By latest kernel, your log says 3.2.0-0.0.0.28.36b5ec9-default. The
3.2.0 is clear enough. What is 0.0.0.28.36b5ec9? It does not look like a
mainline git commit so have you applied some other patches or tree on
top?
If there are other patches applied, can you try vanilla 3.2? If that
fails, did 3.1 work? If yes, can you you bisect it? If you do not have
time for a full bisect, it might help to begin the bisect near commit
[02125a8: fix apparmor dereferencing potentially freed dentry, sanitize
__d_path() API]. Alternatively testing with apparmor=0 might be useful.

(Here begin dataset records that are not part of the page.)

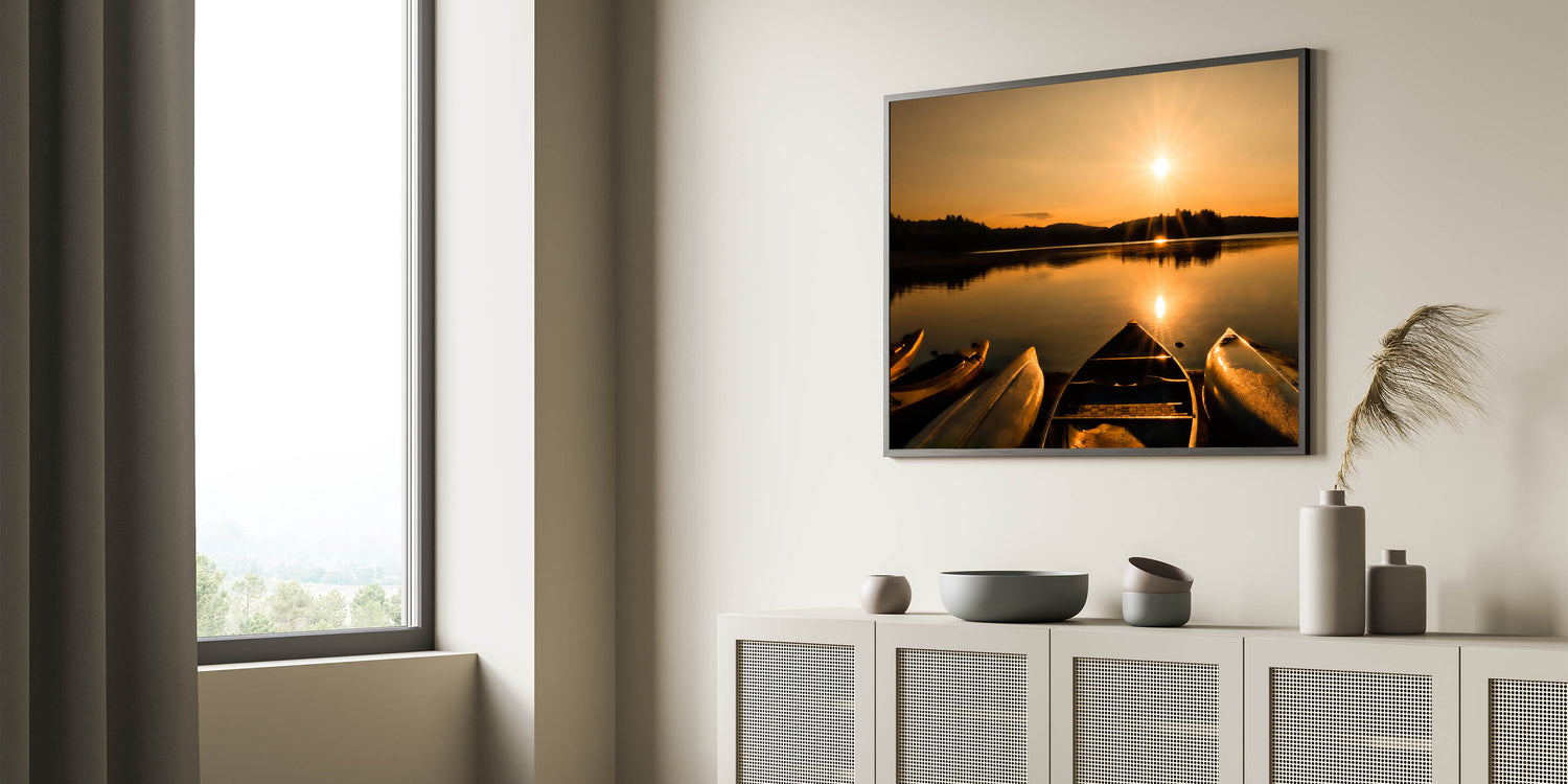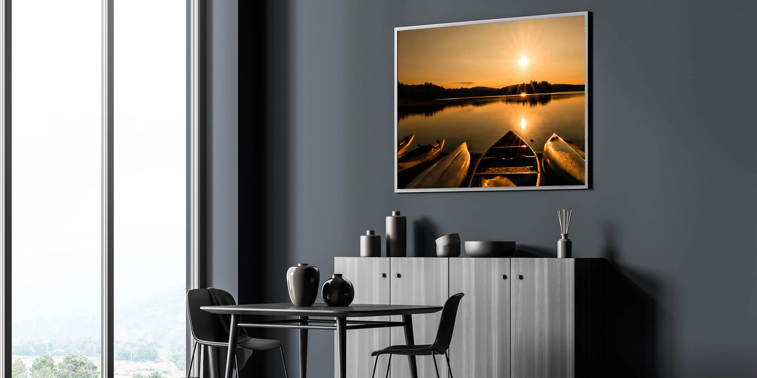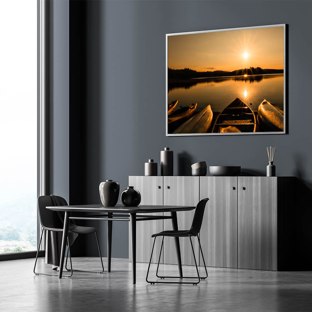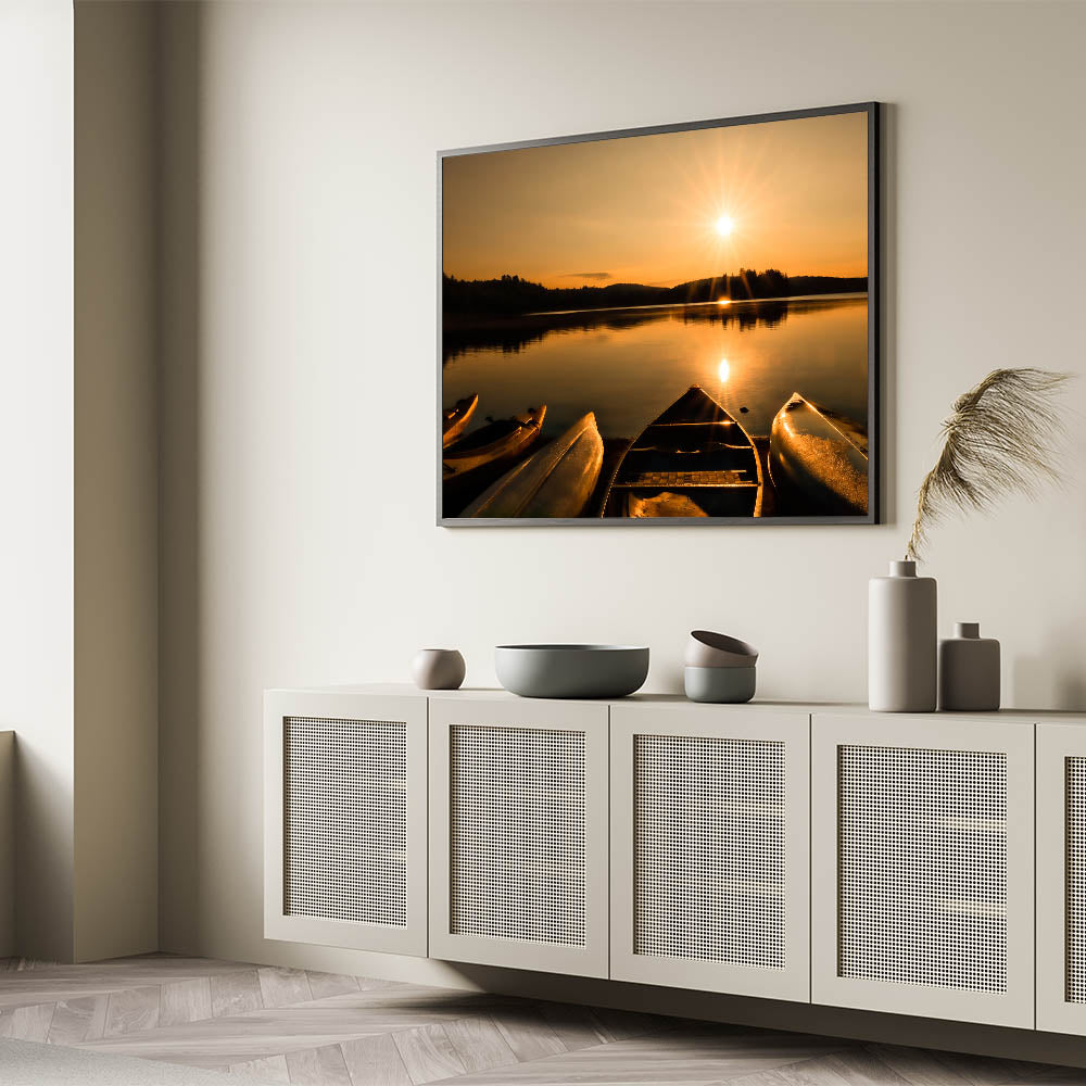 Capture the tranquil beauty of an Ontario sunset with this stunning Canoes at Sunset wall art. Featuring the calm waters of a lake reflecting the golden glow of the setting sun, this Ontario Landscape Print showcases the peaceful stillness of nature. The canoes resting on the shore add a touch of adventure and nostalgia, making this piece perfect for those who love the outdoors.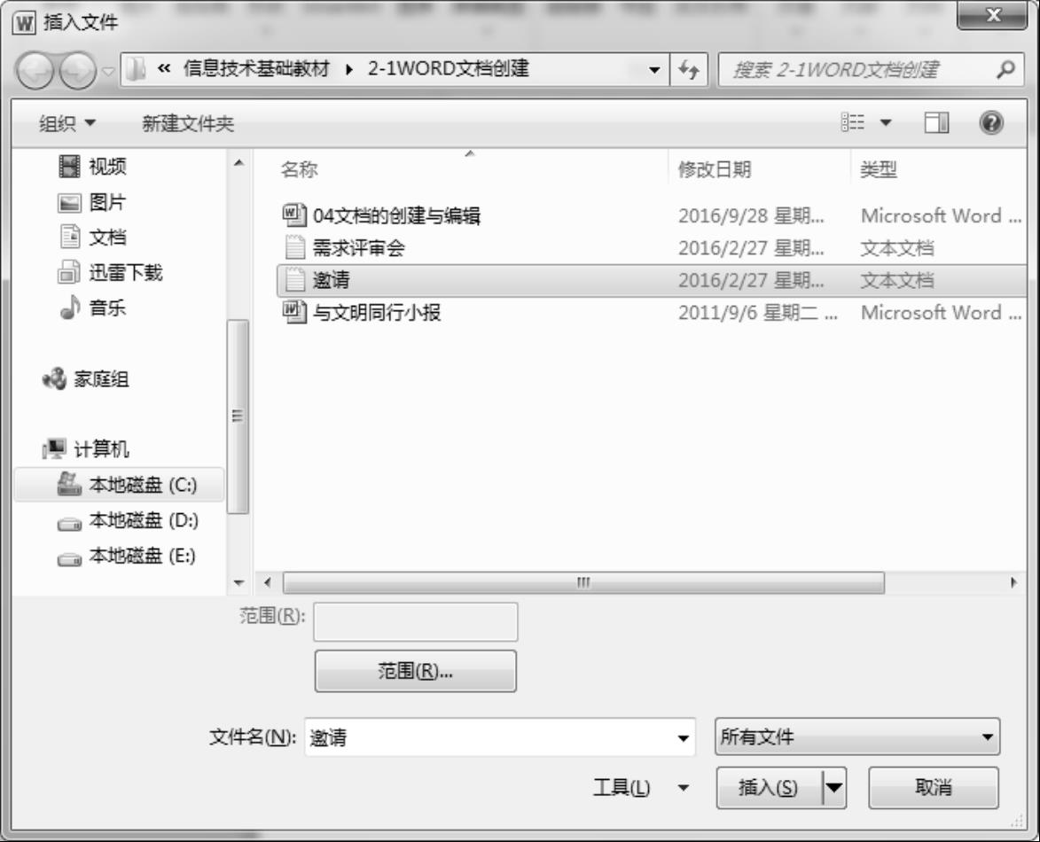 ② 在“文本”组中选择“对象”工具,选择“文件中的文字”选项,弹出“插入文件”对话框,如图2-5所示。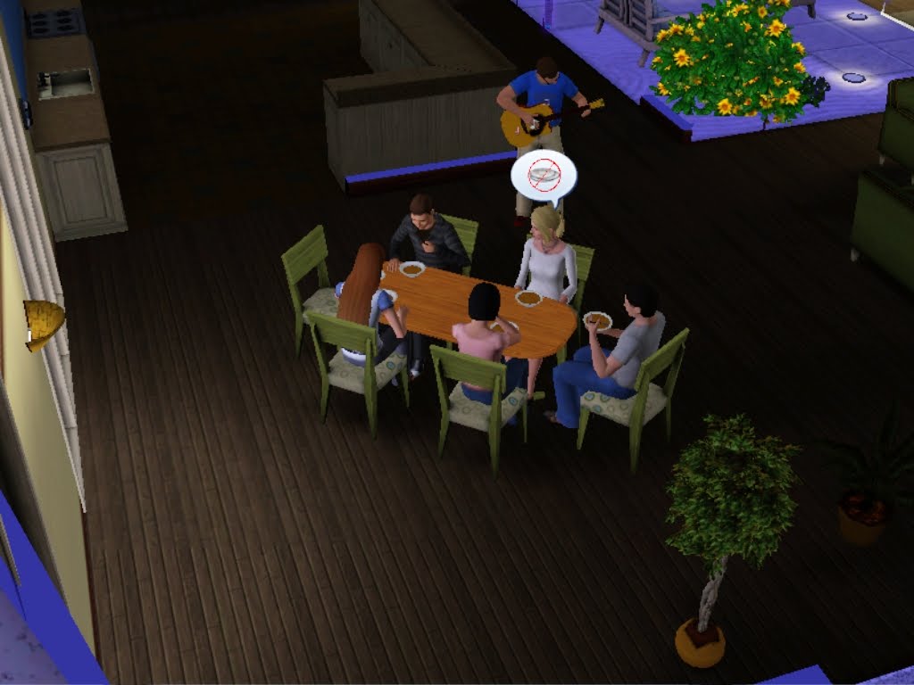 They seem to be getting along okay so far. Already Peter and Noah have decided they want to be best friends, and Tegan and Joe will talk to pretty much anyone. (I am not making this up, people upon whom the Sims are based. This is really what is happening in the game.) Erin and Tara keep more or less to themselves, but I think that's because Erin would rather stare blankly at walls with a question mark over her head (the price she pays for being Absent-Minded) than play chess.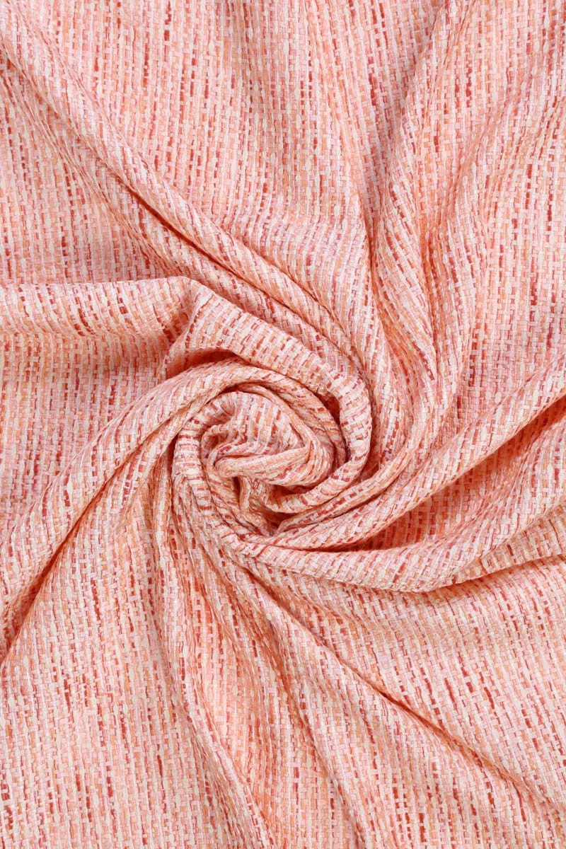 Ilus klassikaline chaneli kostüümikangas soojades toonides - oranž, ecru ja punane. Ideaalne vedrukomplektidele: jope ja seelik. Seda saab kasutada ka õhukestel mantlitel või kleitidel.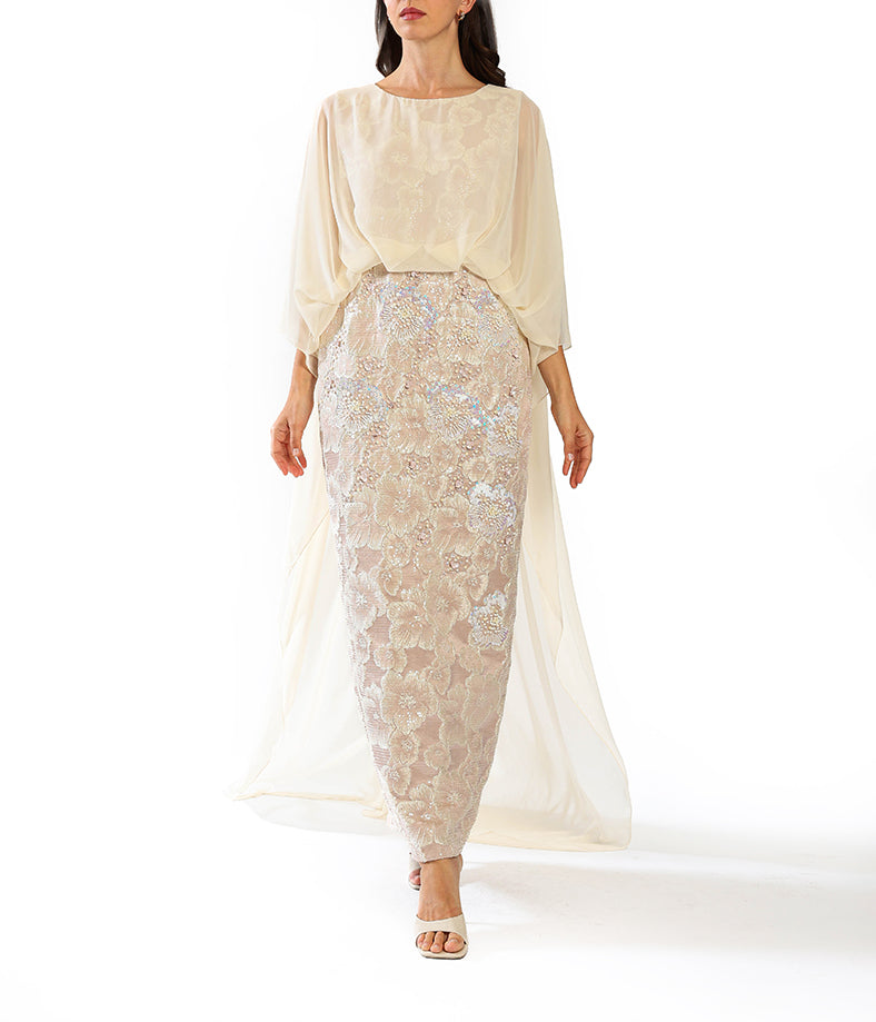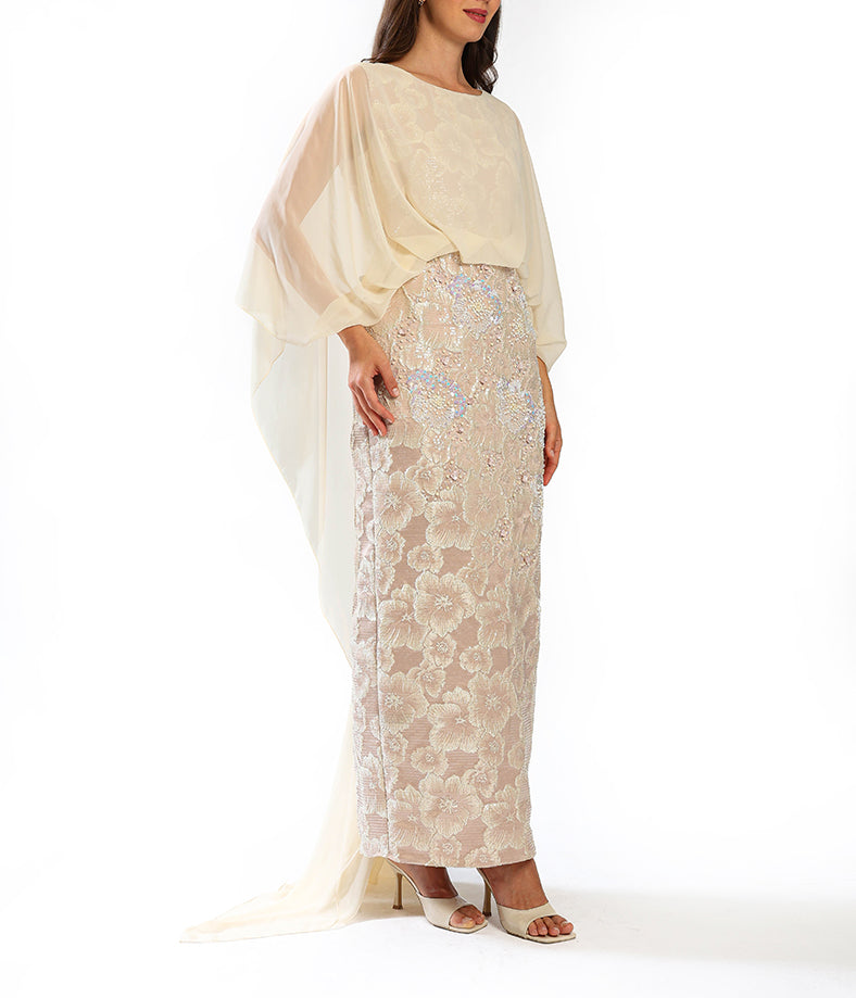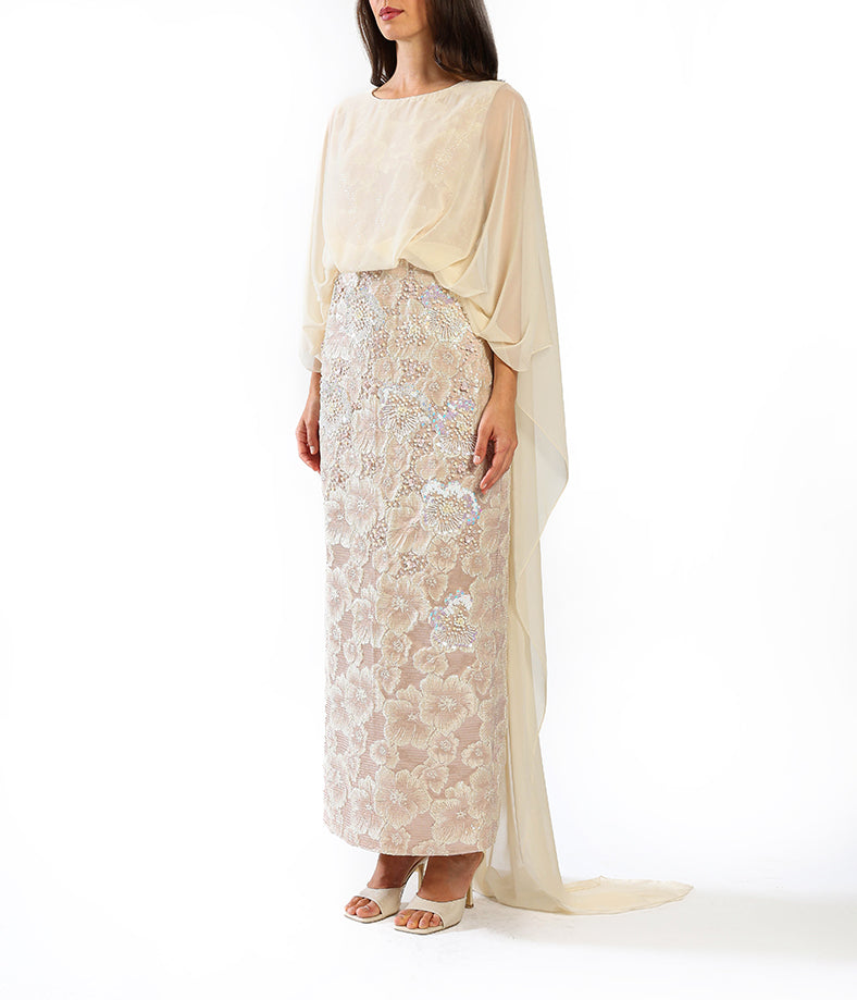 An elegant pencil-cut dress featuring a delicately embellished floral skirt and a soft, chiffon cape overlay.

The first bug triggered in mm/slab.c and everything after that looks
like fallout from the first BUG_ON so that is worth figuring out first.
> Here is the log:
>
> [ 7314.423828] ------------[ cut here ]------------
> [ 7314.427769] kernel BUG at mm/slab.c:3111!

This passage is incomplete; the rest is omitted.